Нагульнов рассмотрел его в упор — все понимая задолго до «скажите «а», вдохните, не дышите, одевайтесь…» — да, видно крепко прижали мужика: командовал лицом, но все-таки будто плакал, глаза искали друга, больших возможностей… как детская мечта о старшем брате, который отомстит обидчикам, чтобы уже заплакали они… надеясь обрести его в Нагульнове.
— Вы, Анатолий, да? Присаживайтесь. Мне вас порекомендовали. — Беззаботный покой его кончился, он и не знал, что так бывает, слишком поздно родившийся, не торговал просроченной датской ветчиной, германскими консервами, «Роялем», польским «Адидасом»… как залезают с головой в долги и пропадают, потом находят в парке, в егорьевском лесу подвешенным за ветку за руки, с кляпом из собственной рубахи в пасти.
— Рассказывай.
— На мне кредит висит, — по-детски, срывающимся мальчишеским голосом пожаловался Шорников. — Мне угрожают. Отбирают бизнес. А вчера… — сглотнул слезливый ком, — вчера мне позвонили, сказали про ребенка… они следят за ним, все знают, где он, что… жена… жену тоже…

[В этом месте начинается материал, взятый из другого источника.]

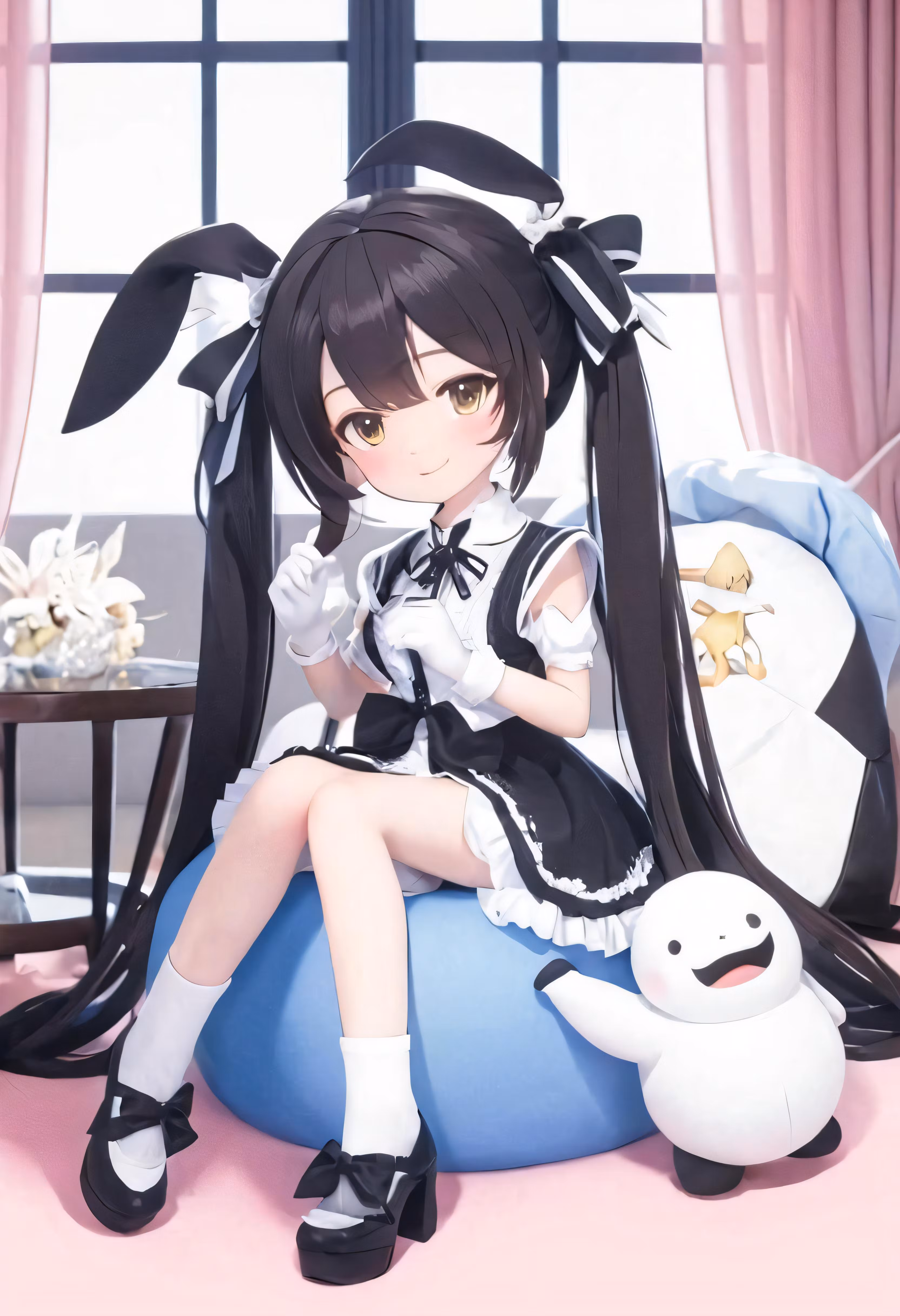 High resolution picture, free to use, an anime girl sitting on top of a cushion

— Стоп, стоп, — оборвал Нагульнов. — Как мне сказали, у тебя с подрядчиком проблема. Он, он тебе должен — не ты, я так понял.
— Да, да, он мне, а я-то банку… Среднерусский промышленный банк.
— Давай по порядку, — вырвал кусок фольги из пачки «Мальборо».
— Был у меня свой бизнес, общепит плюс доля тут в одном торговом центре. А тут я вложился в строительство дома у нас на Халтуринской… ну, при такой цене-то за квадратный метр… вложил все свободные средства. Кредит взял, конечно. Ну, генподрядчик деньги получил, тринадцать месяцев прошло и ничего, полгода стройка заморожена. Все денежки тю-тю, и ничего достраивать они не собираются. Смеются в лицо.
— Подрядчик кто?
— ООО «Гарант-строй».
— ООО «На дурака не нужен нож». — Нагульнов с презрением фыркнул — «мудак». — Вано Майсурадзе, если я не ошибаюсь. У него же четыре долгостроя по округу. Ты, что ж, не знал, что он бандос конкретный, редкостная отморозь?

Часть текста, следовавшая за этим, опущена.